### Assignment
Each record below should be returned exactly, with its pictures left out.

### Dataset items
──────────
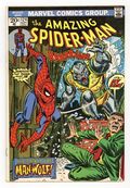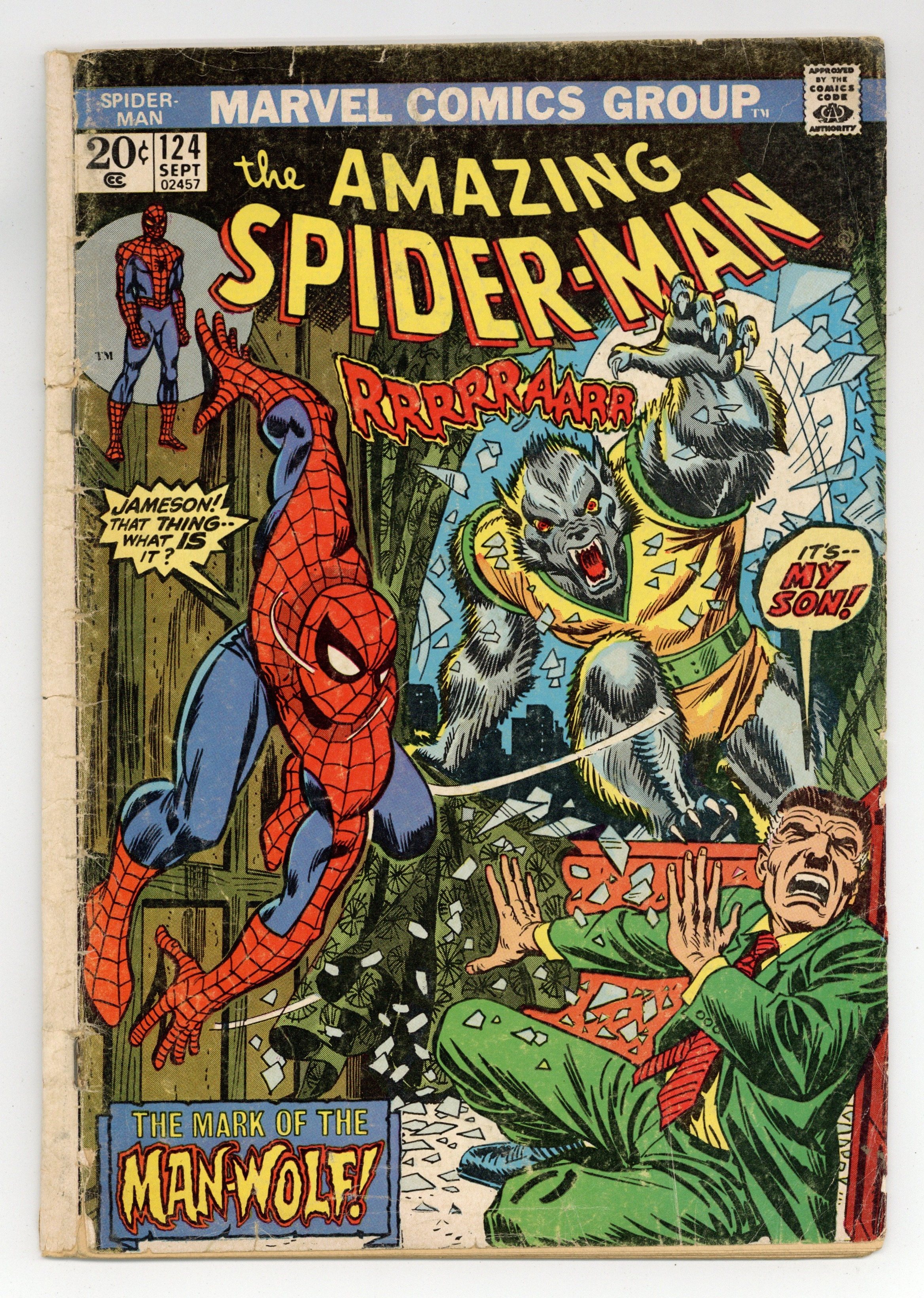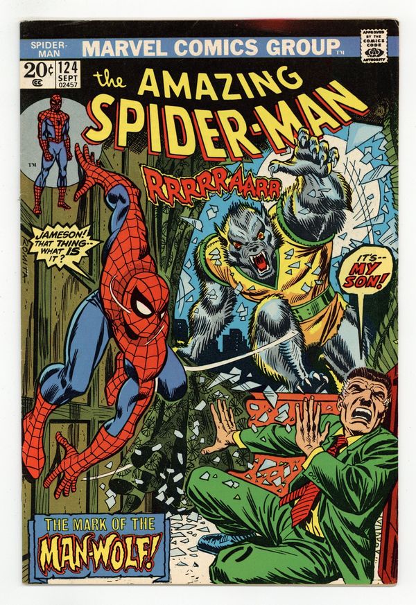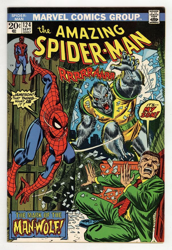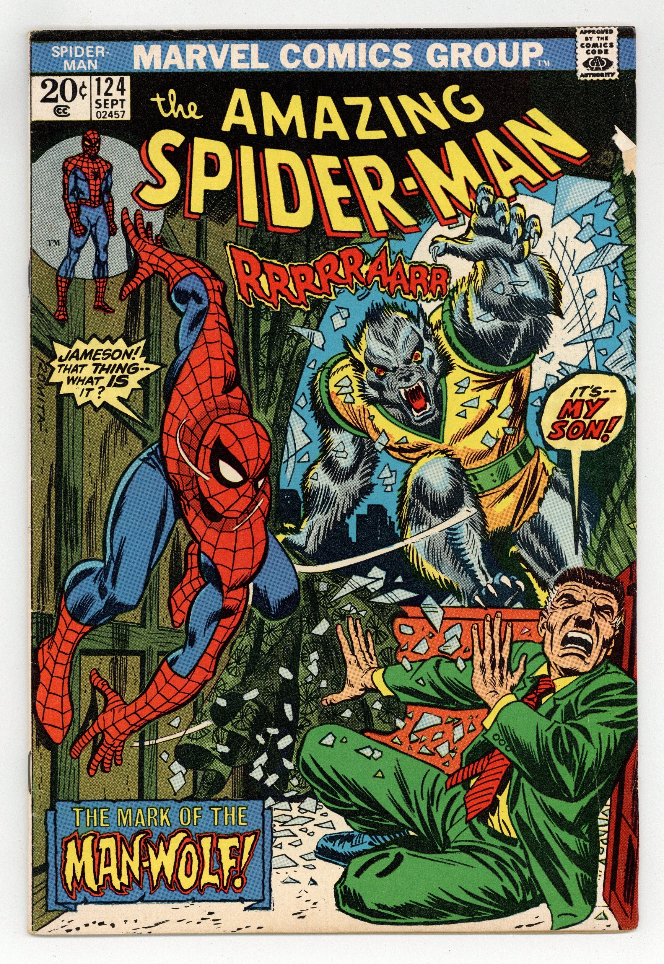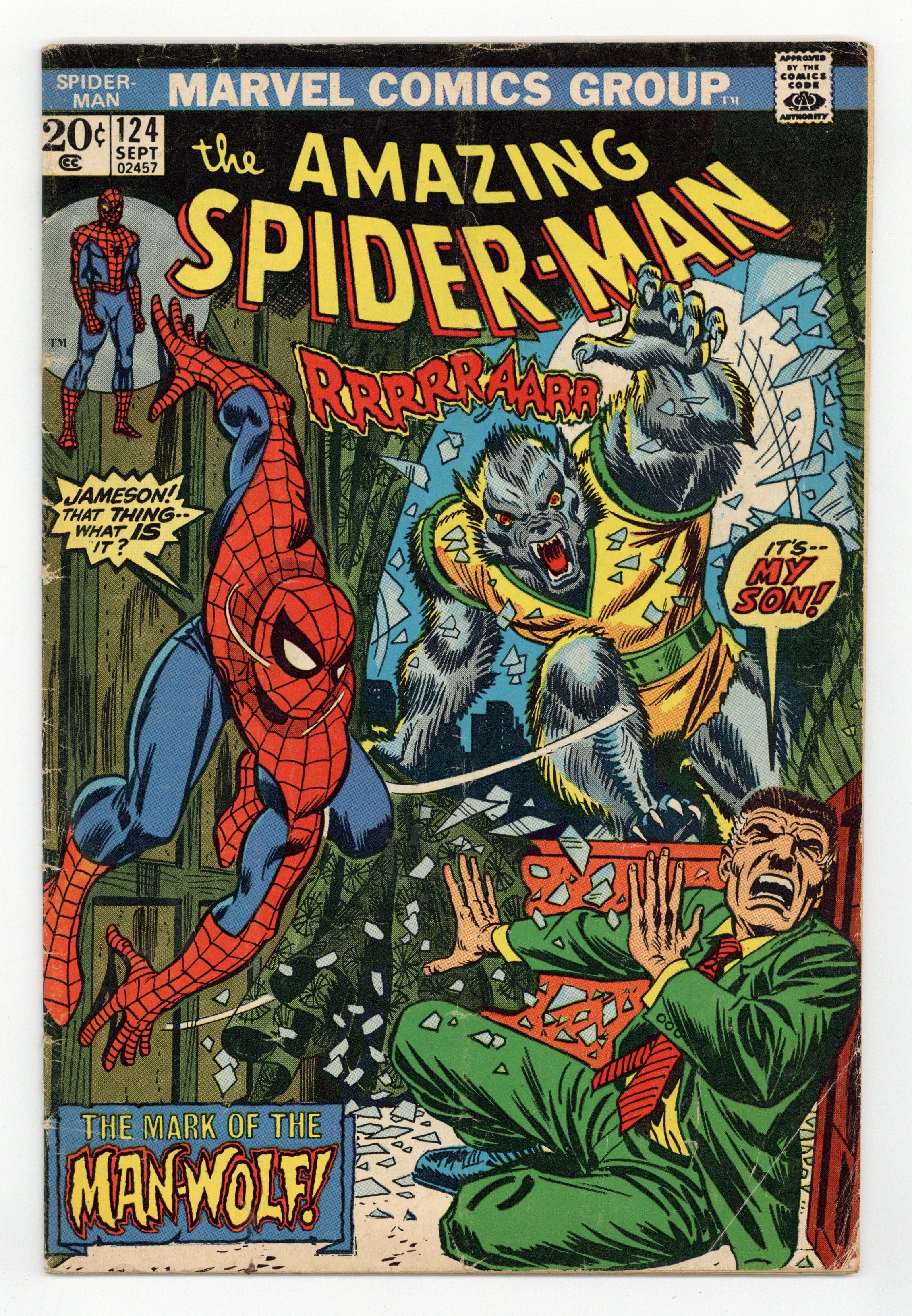 Tags: Marvel Legacy Numbering: Amazing Spider-Man (part 124), Spider-Man$99.00First appearance of the Man-Wolf (aka John Jameson) in "The Mark of the Man-Wolf" Part 1 of 2. Script by Gerry Conway. Pencils by Gil Kane. Inks by John Romita and Tony Mortellaro (backgrounds). Cover by John Romita. While web-swinging through the city, Spider-Man stops to look at the local newspapers. He becomes angry when the Daily Bugle is the only newspaper calling him a murderer -- in connection with the death of Norman Osborn! The livid wall-crawler rushes to JJJ's apartment, but someone else gets their first: the Man-Wolf! Oh my! As shown on the terrific cover, Spider-Man battles the Man-Wolf to save J. Jonah Jameson! First appearance of Kristine Saunders. Cameo appearances by Mary Jane Watson, Flash Thompson, and Joe Robertson. (Notes: In the letters page, the web-slinger's fans react to Gwen Stacy's death. This story was reprinted in Marvel Tales 101.) 36 pages. Cover price $0.20.
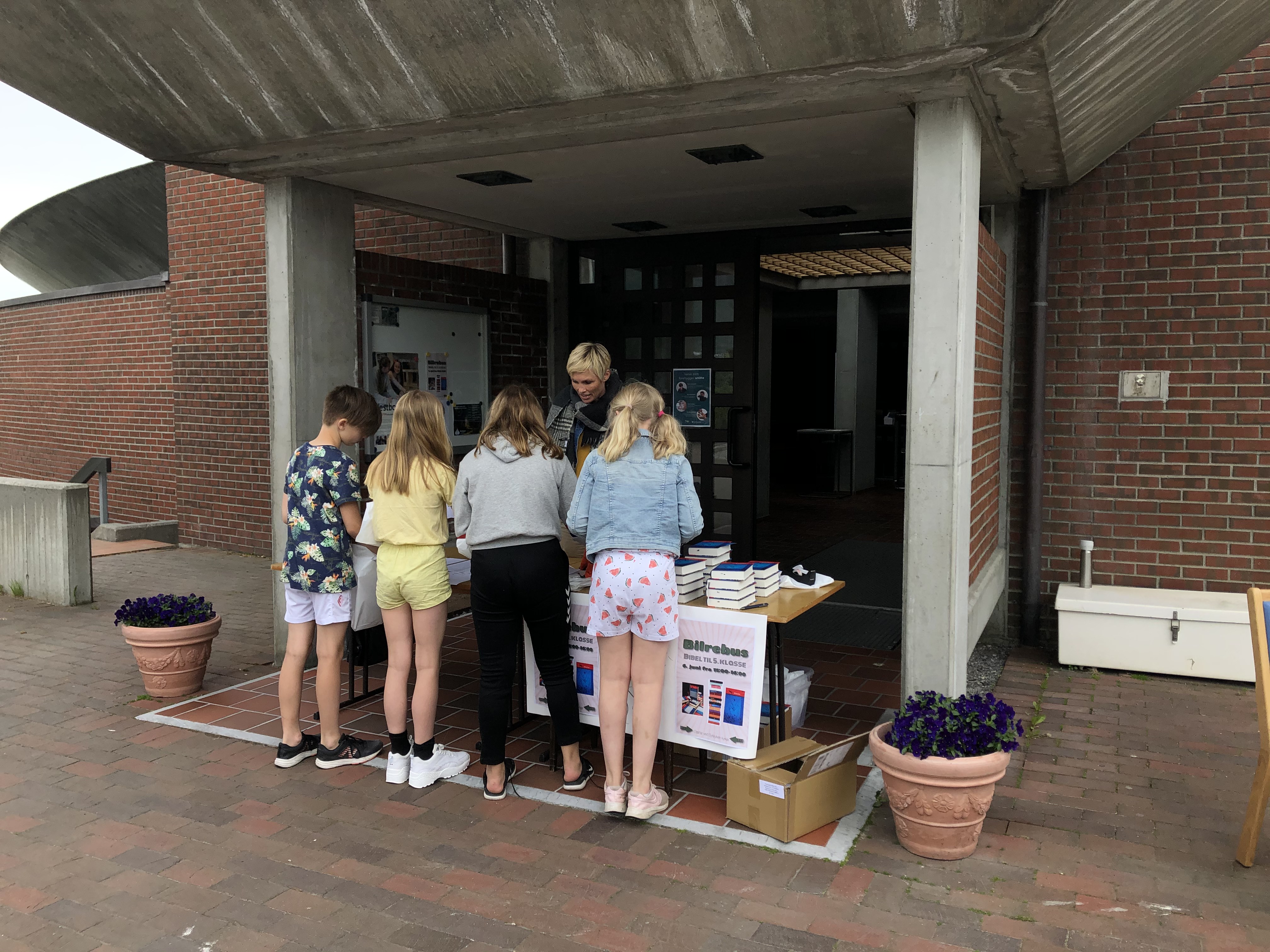 5.klassingane som var med på rebusen fekk alle sin eigen Bibel i premie, og dei blei i tillegg med på trekninga av ei hengekøye frå Ticket to the Moon. Lene vart den heldige vinnaren, og her ser de henne med hengekøya framfor seg, ilag med vennar:
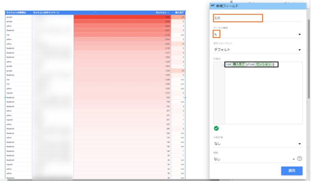 今回の場合、名前に「購入完了率」、データの種類に「%」、計算式に「SUM(購入完了)/SUM(セッション)」といれることで、購入完了率の指標を作成することができます。
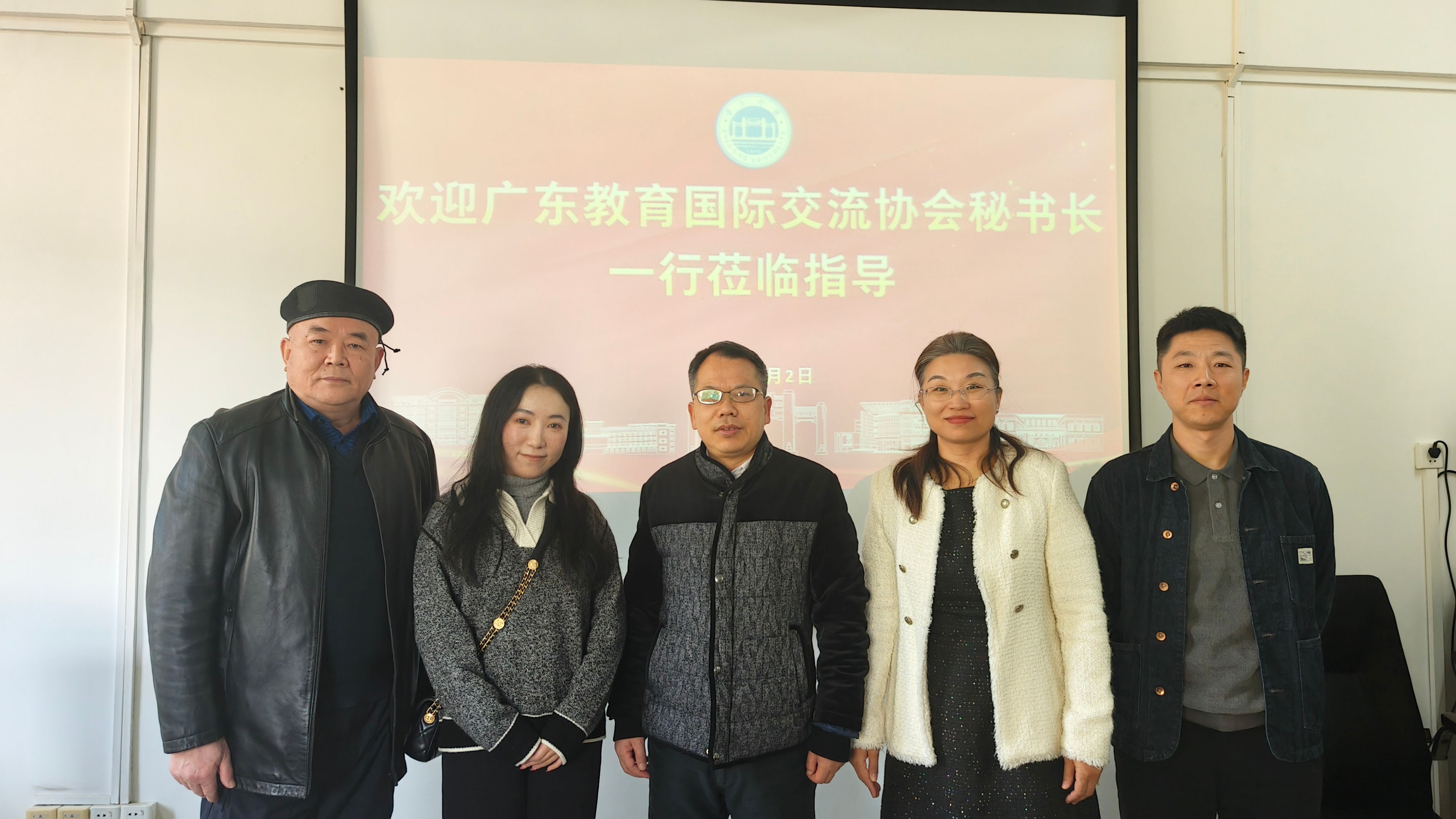 本网讯 1月2日,广东教育国际交流协会秘书长仲铭锦携团队莅临我校交流指导,副校长胡文涛热情接待。
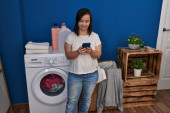 Młoda latynoska brunetka wkładająca ubrania do pralki podczas prania w domu
──────────
### Answer space
 Tags: Marvel Legacy Numbering: Amazing Spider-Man (part 124), Spider-Man$99.00First appearance of the Man-Wolf (aka John Jameson) in "The Mark of the Man-Wolf" Part 1 of 2. Script by Gerry Conway. Pencils by Gil Kane. Inks by John Romita and Tony Mortellaro (backgrounds). Cover by John Romita. While web-swinging through the city, Spider-Man stops to look at the local newspapers. He becomes angry when the Daily Bugle is the only newspaper calling him a murderer -- in connection with the death of Norman Osborn! The livid wall-crawler rushes to JJJ's apartment, but someone else gets their first: the Man-Wolf! Oh my! As shown on the terrific cover, Spider-Man battles the Man-Wolf to save J. Jonah Jameson! First appearance of Kristine Saunders. Cameo appearances by Mary Jane Watson, Flash Thompson, and Joe Robertson. (Notes: In the letters page, the web-slinger's fans react to Gwen Stacy's death. This story was reprinted in Marvel Tales 101.) 36 pages. Cover price $0.20.
 5.klassingane som var med på rebusen fekk alle sin eigen Bibel i premie, og dei blei i tillegg med på trekninga av ei hengekøye frå Ticket to the Moon. Lene vart den heldige vinnaren, og her ser de henne med hengekøya framfor seg, ilag med vennar:
 今回の場合、名前に「購入完了率」、データの種類に「%」、計算式に「SUM(購入完了)/SUM(セッション)」といれることで、購入完了率の指標を作成することができます。
 本网讯 1月2日,广东教育国际交流协会秘书长仲铭锦携团队莅临我校交流指导,副校长胡文涛热情接待。
 Młoda latynoska brunetka wkładająca ubrania do pralki podczas prania w domu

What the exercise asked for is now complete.